Elon Musk’ın beyin implantları geliştiren şirketi Neuralink, Founders Fund’dan 280 milyon dolarlık yatırım aldı. Bu, Founders Fund’un Elon Musk’ın projelerine yaptığı ilk yatırım değil. Daha önce The Boring Company ve SpaceX’e yatırım yapmışlardı. Founders Fund ortağı Scott Nolan, yaptığı paylaşımda Neuralink’i desteklemekten heyecan duyduklarını ve felçli hastalara yardım etmeyi amaçladıklarını belirtti.

Neuralink, Temmuz 2021’de Google Ventures, Peter Thiel’ın Founders Fund’ı ve OpenAI CEO’su Sam Altman gibi yatırımcılardan 205 milyon dolar yatırım aldığını duyurmuştu.

Elon Musk tarafından 2016’da kurulan Neuralink, insan beynini bilgisayar arayüzüne bağlayarak nörolojik rahatsızlıkları olan kişilerin iletişimini ve kontrolünü artırmayı amaçlayan bir teknoloji üzerinde çalışıyor. Halihazırda hayvanlar üzerinde test edilen bu teknoloji, felçli bireylerin telefon gibi cihazları sadece düşünce gücüyle kullanabileceği iddiasıyla dikkat çekiyor. İnsan klinik denemelerine başlamak için FDA onayı alınmış olmasına rağmen, henüz insanlı deneylere başlanabilmiş değil.

Geçtiğimiz hafta, Northwell Health’in Feinstein Biyoelektronik Tıp Enstitüsü tarafından geliştirilen yapay zeka destekli beyin implantı da benzer şekilde önemli bir adım olarak öne çıktı. Bu teknoloji, felçli insanların yeniden hareket etmesini ve duyusal hislerine kavuşmasını sağlayarak beyin ve beden arasındaki iletişimi restore etmeyi hedefliyor.

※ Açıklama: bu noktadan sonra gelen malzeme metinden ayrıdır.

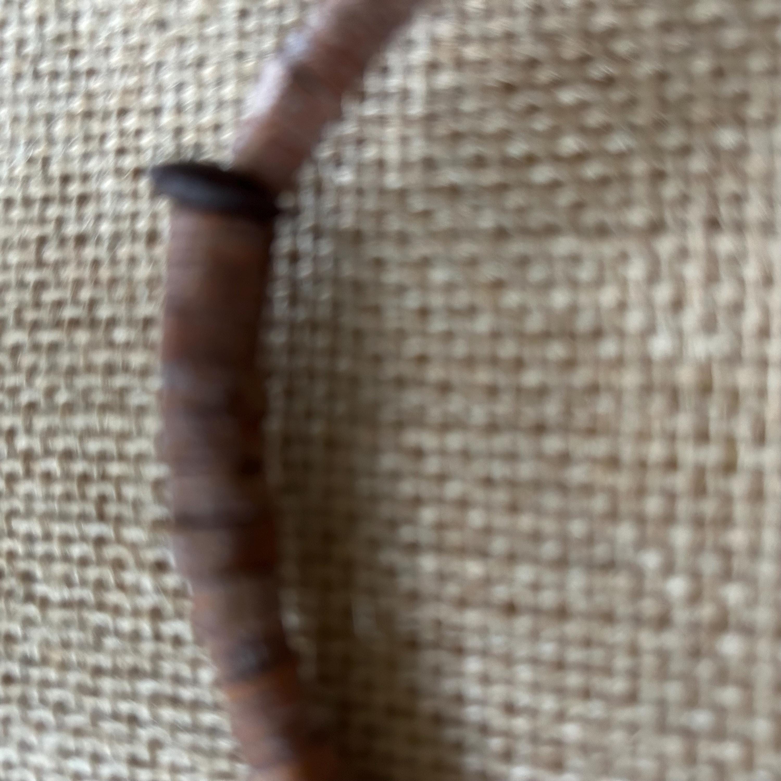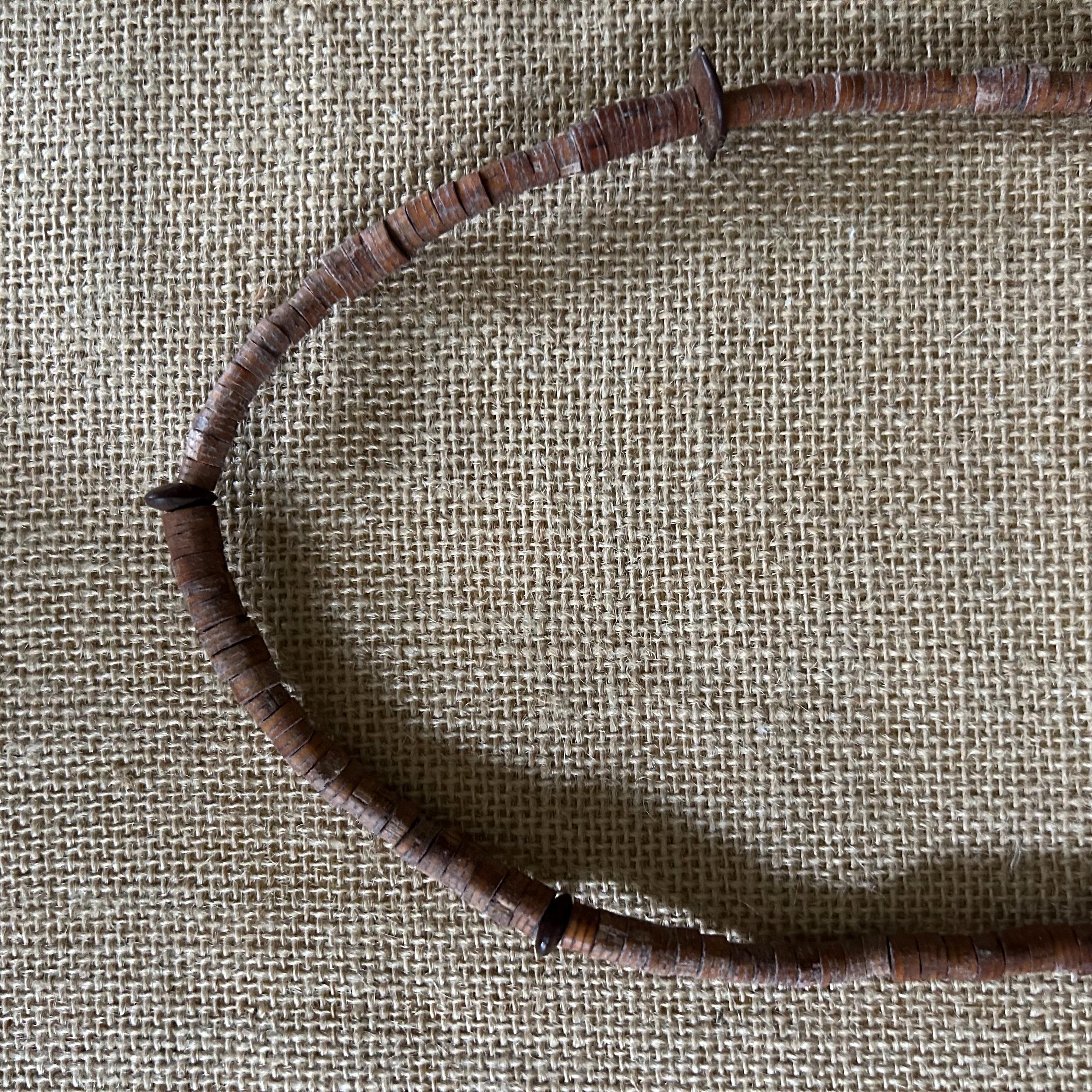 • Materials: Carved wood, coconut shell discs, painted beads, natural fiber cord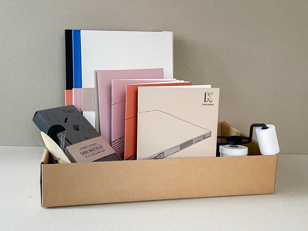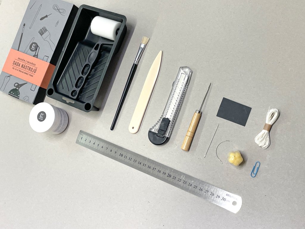 Návody + papíry + nástroje = plná nálož knihařiny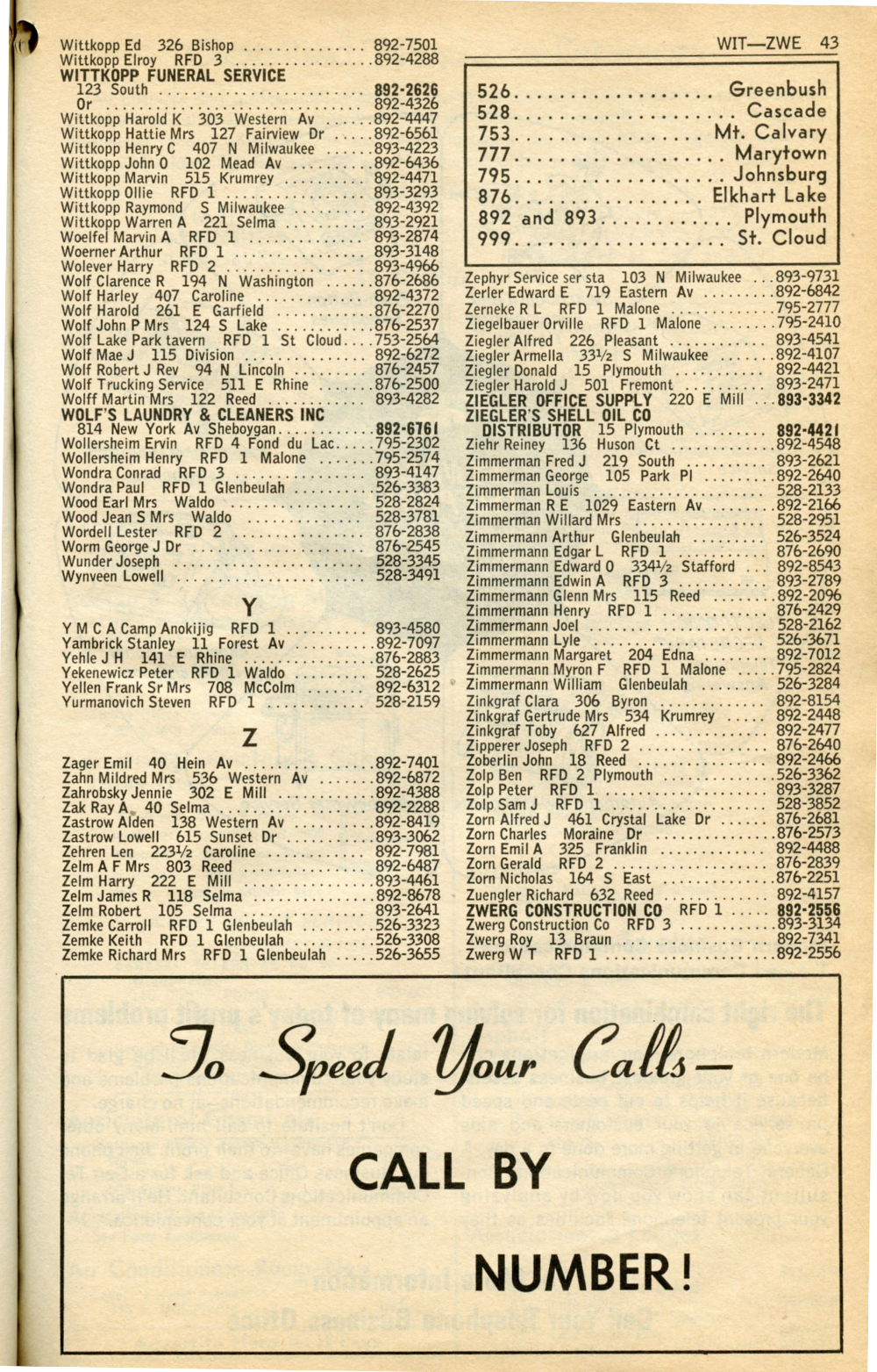 1965 General Telephone Company Telephone Book Page 43: Wittkopp - Zwerg.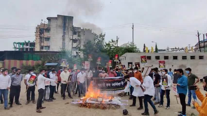 उत्तर प्रदेश में हुए दुष्कर्म के खिलाफ छत्तीसगढ़ एनएसयूआई ने पूरे रीति रिवाज से योगी अपराधनाथ/भाजपा सरकार की चिता जलाई।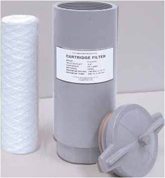 All Plastic PVC or CPVC Cartridge Filter Housings are used to remove fine particles from process fluid. These housings are designed to use single, open ended cartridges 10", 20" or 30" in length. Cartridges must have a 1" ID and these housings do not accommodate stackable cartridges. Viton Seal is standard.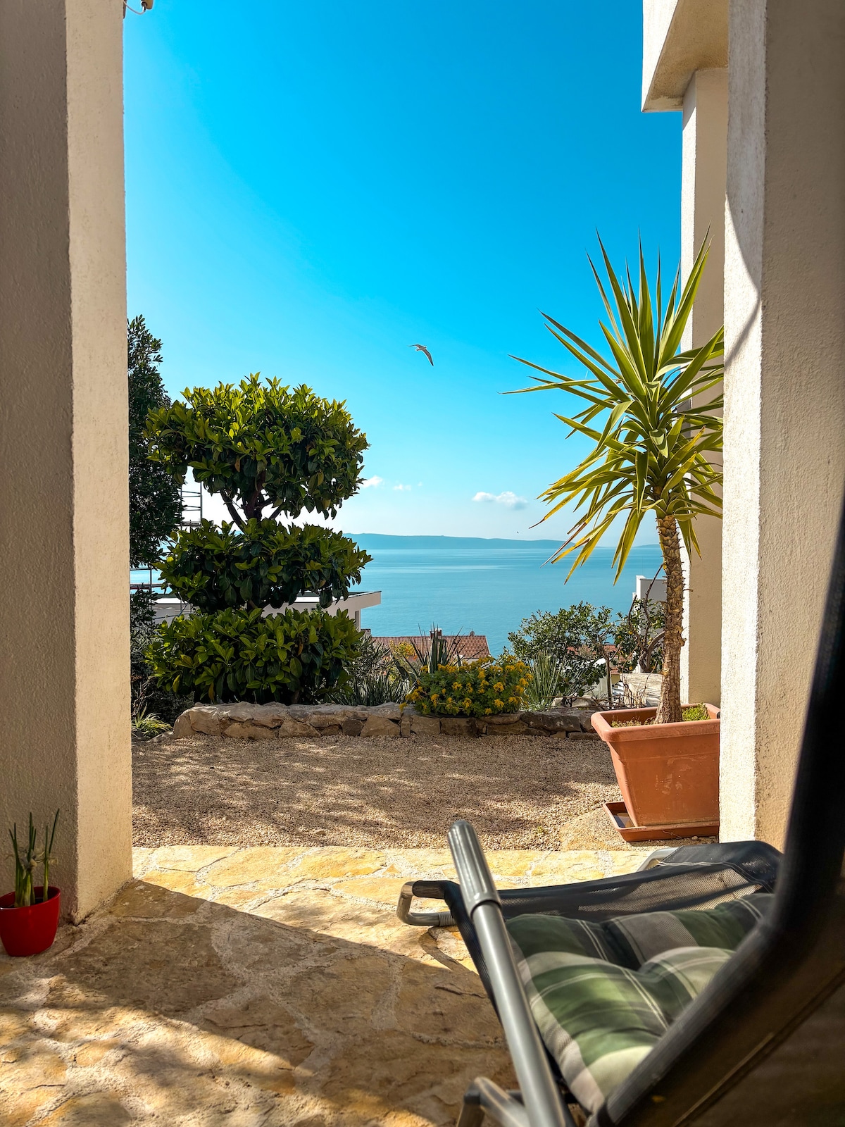 素晴らしい海の景色が楽しめる、共用テラス付きの快適なワンルーム。 トロギルからわずか2 kmのビーチに位置するこの小さなスタジオは、設備が整っており、ダルマチア中部での休暇に最適な拠点です。美しい小石のビーチが道の向かい側にあります。わずか数歩です。テラスは2つのスタジオの間で共有されており、それぞれの前には専用エリアがあります。繁忙期には、家からさらに離れた場所でも、路上駐車を見つけるのが難しい場合がありますのでご注意ください。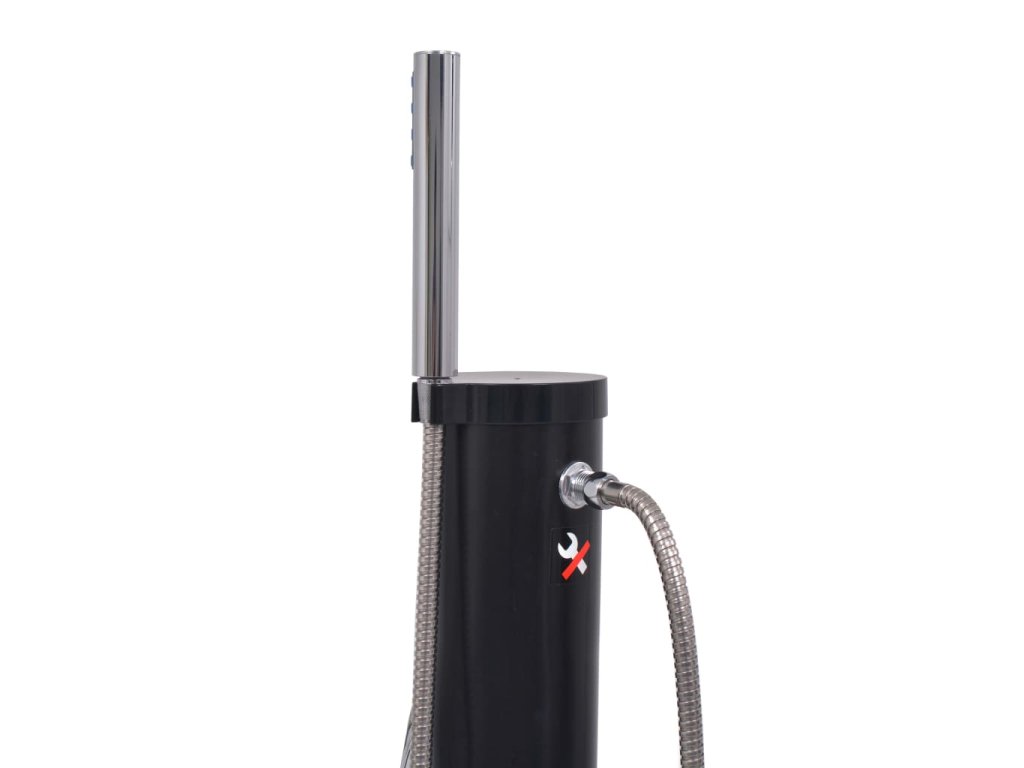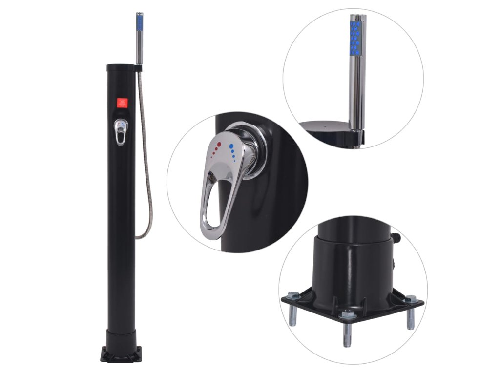 Solární sprcha se snadno používá. Regulovat teplotu vody můžete snadno pouze otočením páčky. Solární sprcha je opatřena ruční sprchovou hlavicí a flexibilní hadicí. Pomocí vysoce kvalitní ocelové základny a přiloženého ukotvení do země se dá sprcha snadno připevnit k zemi.
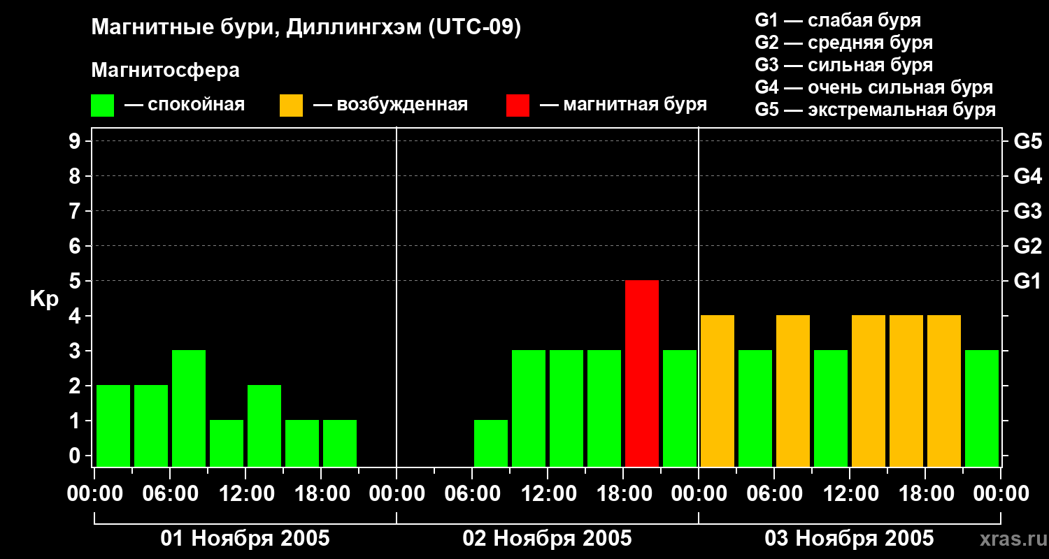Изменения геомагнитного индекса Kp с 1 по 3 ноября 2005 года для средних широт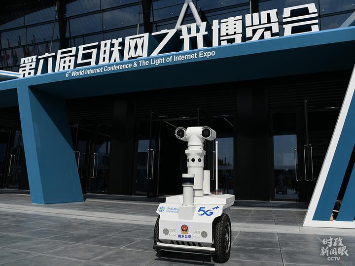 这是“互联网之光”博览会展馆前的5G警用机器人。
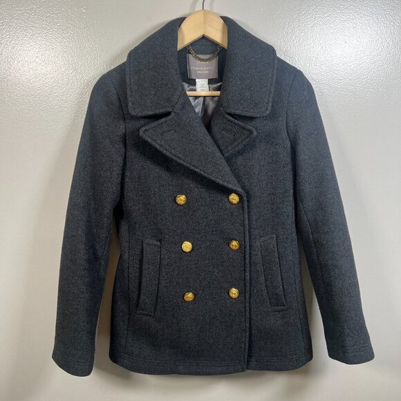 J. Crew Stadium Cloth Wool Pea Coat Size 2 Gray Nello Gori Double Breasted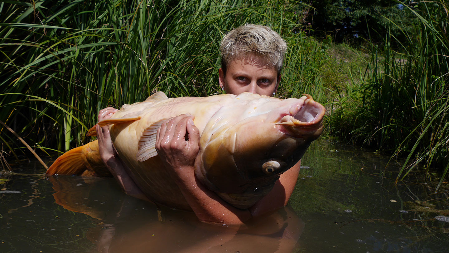 «Bei der letzten Herbstsession mit meinem Freund Philip gelangen uns einige tolle Fänge. Am letzten Tag konnte ich meinen «Personal Best» noch einmal erheblich steigern und fing einen ganz besonderen Fisch, der an diesem stark befischten Gewässer nur selten seine Flanke zeigt. Die 52-pfündige Fressmaschine biss auf einen einzelnen 16-mm JENZI Strawberry-Boilie. Ich benutzte ein Stiff-Rig, gebunden an einem 4er D-Rig Hook. Als Vorfach diente mir ein Amnesia. Ich war überwältigt, als sich die 2,5 LBS C1 Stalker-Rute bis ins Handteil bog und die Bremse meiner Systeme MX 7000-Rolle zu singen begann. That’s the reason why we go Fishing.»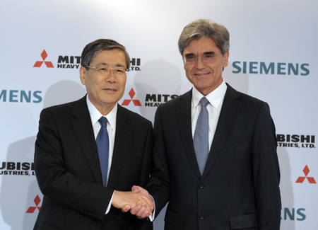 圖為德國西門子公司首席執(zhí)行官喬·凱澤(右)與三菱重工社長宮永俊一17日在法國巴黎的記者會(huì)上握手。
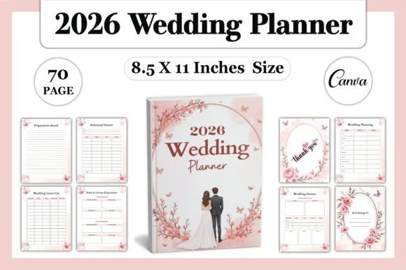 Planning a 2026 wedding? This is the perfect keepsake planner for you. This gorgeous 120-page printable journal is designed in a no-bleed format that looks clean and professional whether printed at home or through a print shop. It features a full 2026 year-at-a-glance calendar, detailed budget and expense tracker, bridal party organizer, guest list with RSVP tracker, catering and menu planner, florals and décor planner, photography checklist, music planner, vendor contact pages, vow writing space, wedding cake planner, and a complete honeymoon organizer. With 15 additional Canva editable pages, you can customize the layout to suit your personal style.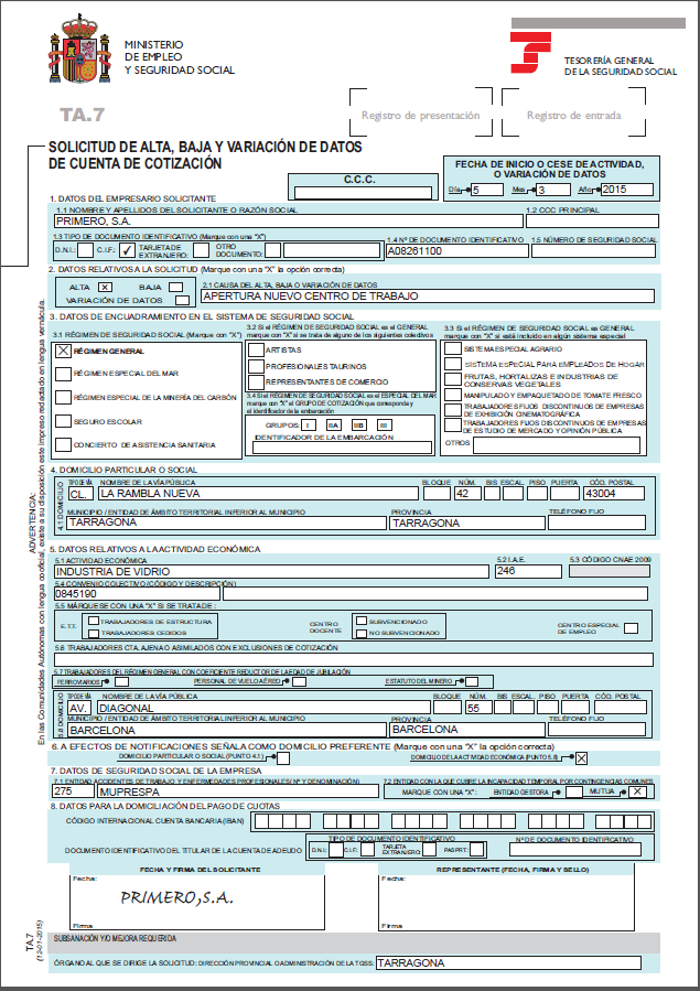 Da de Alta tu empresa en la Seguridad Social siguiendo el ejemplo anterior:

Beyin çipi girişimine Elon Musk beş yıldır üzerinde çalışıyor. şirketin hedefi ise beyni bir bilgisayara bağlamak için implantları kullanmak. Şimdiye dek sadece hayvanlar üzerinde testler yapıldı ve 2022’de bir bilgisayar oyunu olan Pong’u oynama çabaları sırasında bir maymunun ölmesi, proje testlerini incelemeye soktu. Ancak Aralık ayında Reuters tarafından yayınlanan bir rapora göre, çalışanlar şirketin pazara acele ettiğini ve dikkatsizce yapılan hayvan deneylerinin ölümlerle sonuçlandığını, bu durumun da federal bir soruşturmaya yol açacağını belirtti.